• _DIRECTIONS_: Copy nothing past the line containing "The robot designed". Transcribe every line of the listing below up to and including it, from the first, except pictures.

---------- MATERIAL TO PROCESS ----------

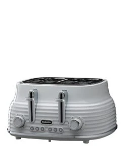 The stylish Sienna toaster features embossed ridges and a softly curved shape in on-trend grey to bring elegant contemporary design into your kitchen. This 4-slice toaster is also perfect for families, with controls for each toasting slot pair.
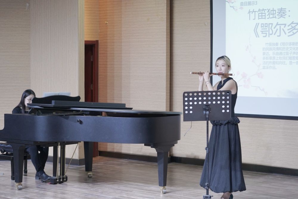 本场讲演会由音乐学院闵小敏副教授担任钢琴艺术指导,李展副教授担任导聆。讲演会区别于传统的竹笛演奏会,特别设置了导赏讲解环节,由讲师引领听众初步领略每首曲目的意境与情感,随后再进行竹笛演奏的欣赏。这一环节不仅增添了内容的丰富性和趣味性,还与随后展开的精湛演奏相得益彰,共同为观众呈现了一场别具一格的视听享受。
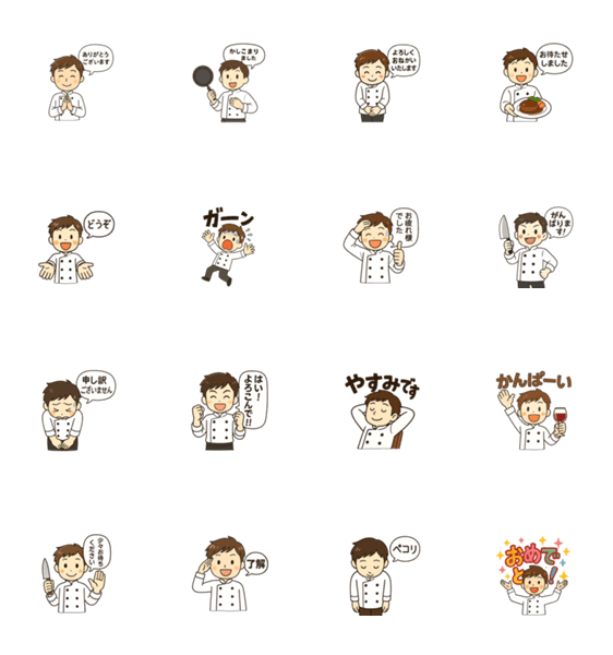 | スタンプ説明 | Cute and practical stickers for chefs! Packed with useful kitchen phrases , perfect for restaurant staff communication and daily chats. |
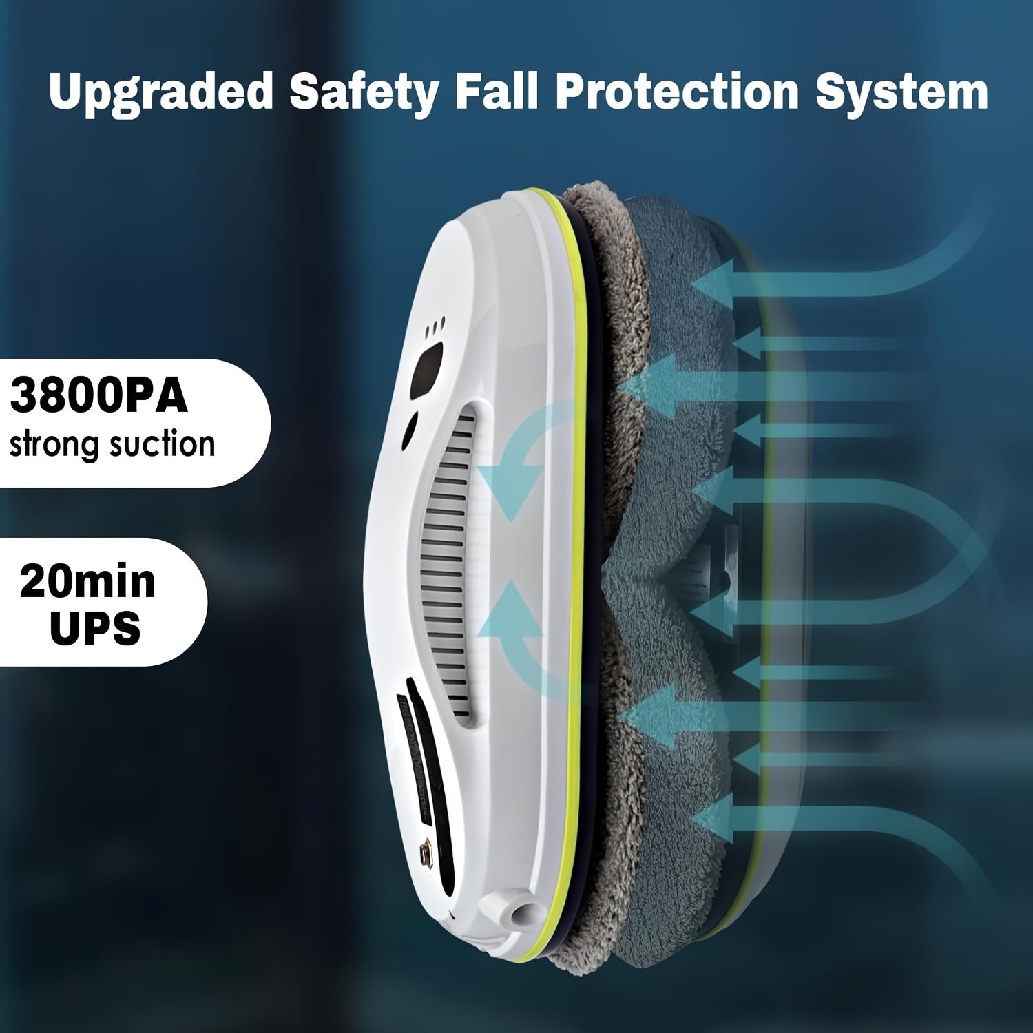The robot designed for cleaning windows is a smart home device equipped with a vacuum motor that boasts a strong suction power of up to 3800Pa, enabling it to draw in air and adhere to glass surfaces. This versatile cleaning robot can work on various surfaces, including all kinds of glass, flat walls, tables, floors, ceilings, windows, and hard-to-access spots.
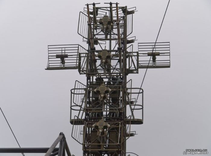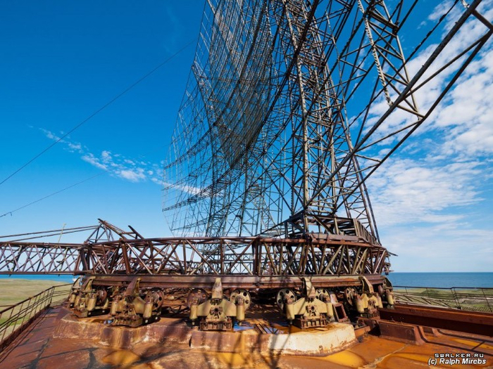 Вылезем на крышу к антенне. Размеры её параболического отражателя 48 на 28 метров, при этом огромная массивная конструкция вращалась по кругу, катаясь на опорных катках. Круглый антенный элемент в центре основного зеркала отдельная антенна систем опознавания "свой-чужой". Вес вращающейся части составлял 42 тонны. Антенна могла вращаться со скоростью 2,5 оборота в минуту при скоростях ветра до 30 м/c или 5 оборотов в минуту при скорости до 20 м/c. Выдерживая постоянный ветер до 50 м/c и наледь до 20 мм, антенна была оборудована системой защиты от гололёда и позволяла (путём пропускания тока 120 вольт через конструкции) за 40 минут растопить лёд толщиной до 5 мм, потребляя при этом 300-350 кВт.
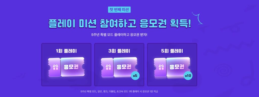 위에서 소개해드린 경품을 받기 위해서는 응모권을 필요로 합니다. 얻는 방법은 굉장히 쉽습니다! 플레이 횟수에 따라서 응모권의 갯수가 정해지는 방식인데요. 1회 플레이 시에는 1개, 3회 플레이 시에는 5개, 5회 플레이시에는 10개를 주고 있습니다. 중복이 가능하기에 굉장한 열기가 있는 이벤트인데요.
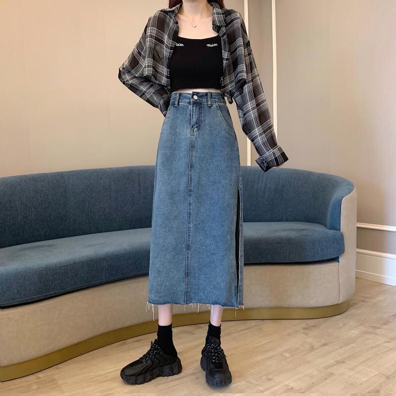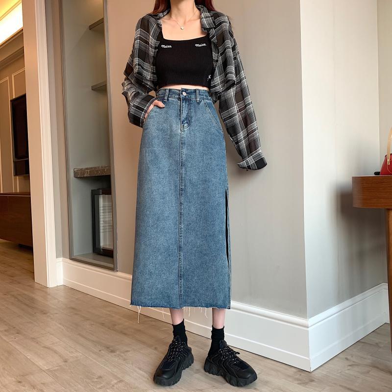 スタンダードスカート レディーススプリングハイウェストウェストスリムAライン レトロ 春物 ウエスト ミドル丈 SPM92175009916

----------

• _FINISHED EXERCISE_:
 The stylish Sienna toaster features embossed ridges and a softly curved shape in on-trend grey to bring elegant contemporary design into your kitchen. This 4-slice toaster is also perfect for families, with controls for each toasting slot pair.
 本场讲演会由音乐学院闵小敏副教授担任钢琴艺术指导,李展副教授担任导聆。讲演会区别于传统的竹笛演奏会,特别设置了导赏讲解环节,由讲师引领听众初步领略每首曲目的意境与情感,随后再进行竹笛演奏的欣赏。这一环节不仅增添了内容的丰富性和趣味性,还与随后展开的精湛演奏相得益彰,共同为观众呈现了一场别具一格的视听享受。
 | スタンプ説明 | Cute and practical stickers for chefs! Packed with useful kitchen phrases , perfect for restaurant staff communication and daily chats. |
The robot designed for cleaning windows is a smart home device equipped with a vacuum motor that boasts a strong suction power of up to 3800Pa, enabling it to draw in air and adhere to glass surfaces. This versatile cleaning robot can work on various surfaces, including all kinds of glass, flat walls, tables, floors, ceilings, windows, and hard-to-access spots.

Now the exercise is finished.